> Task to complete: Although the data holds pictures, return only the lines from the one containing "Soften up your" to the end, exactly, and without them.

> Provided data:
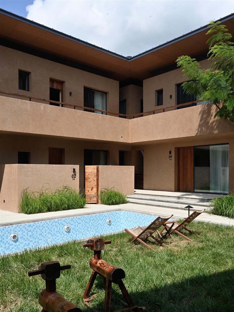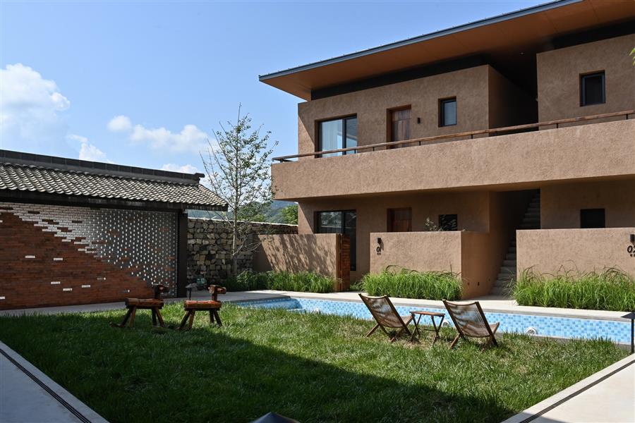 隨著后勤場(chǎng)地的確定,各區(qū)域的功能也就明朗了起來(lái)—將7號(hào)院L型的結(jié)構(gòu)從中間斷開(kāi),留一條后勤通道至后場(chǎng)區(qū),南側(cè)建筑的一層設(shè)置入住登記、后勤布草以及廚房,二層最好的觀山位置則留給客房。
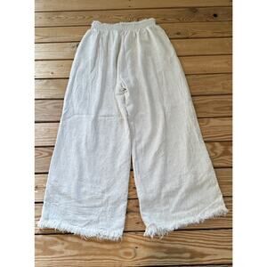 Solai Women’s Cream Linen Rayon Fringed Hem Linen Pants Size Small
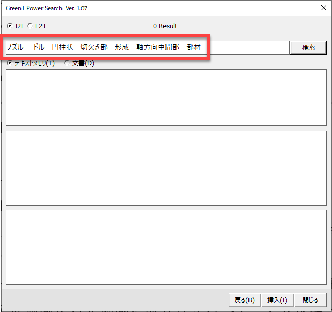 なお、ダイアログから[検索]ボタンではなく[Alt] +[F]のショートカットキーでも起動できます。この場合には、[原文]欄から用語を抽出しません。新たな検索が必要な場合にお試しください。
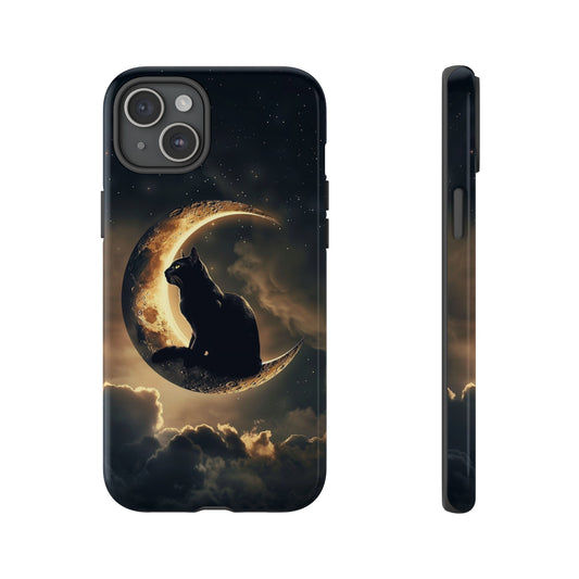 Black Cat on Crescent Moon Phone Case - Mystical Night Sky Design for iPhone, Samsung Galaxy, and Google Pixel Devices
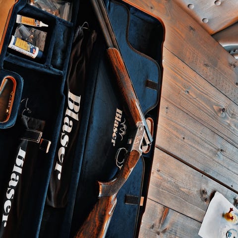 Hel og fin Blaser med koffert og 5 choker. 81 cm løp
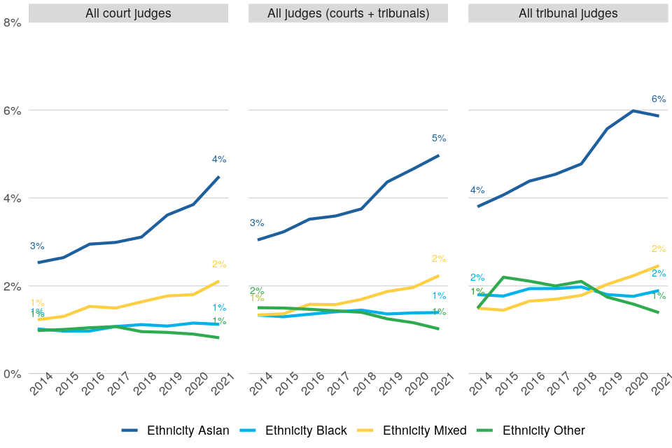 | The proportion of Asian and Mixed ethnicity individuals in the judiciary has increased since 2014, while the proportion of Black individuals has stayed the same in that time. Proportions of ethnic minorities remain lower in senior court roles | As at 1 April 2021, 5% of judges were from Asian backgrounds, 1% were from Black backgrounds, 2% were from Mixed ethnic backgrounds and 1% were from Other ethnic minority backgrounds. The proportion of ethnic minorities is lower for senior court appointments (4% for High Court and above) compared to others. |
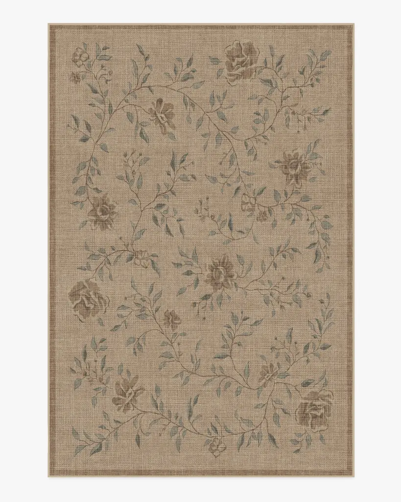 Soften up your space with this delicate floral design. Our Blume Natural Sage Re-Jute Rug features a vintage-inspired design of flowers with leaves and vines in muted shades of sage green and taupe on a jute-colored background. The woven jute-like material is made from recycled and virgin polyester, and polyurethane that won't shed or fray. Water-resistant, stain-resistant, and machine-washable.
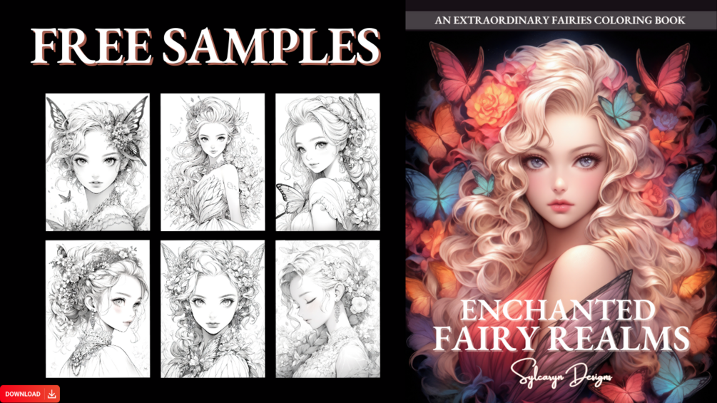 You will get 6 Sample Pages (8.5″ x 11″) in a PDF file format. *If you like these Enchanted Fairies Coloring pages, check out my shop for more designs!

> Task output:
 Soften up your space with this delicate floral design. Our Blume Natural Sage Re-Jute Rug features a vintage-inspired design of flowers with leaves and vines in muted shades of sage green and taupe on a jute-colored background. The woven jute-like material is made from recycled and virgin polyester, and polyurethane that won't shed or fray. Water-resistant, stain-resistant, and machine-washable.
 You will get 6 Sample Pages (8.5″ x 11″) in a PDF file format. *If you like these Enchanted Fairies Coloring pages, check out my shop for more designs!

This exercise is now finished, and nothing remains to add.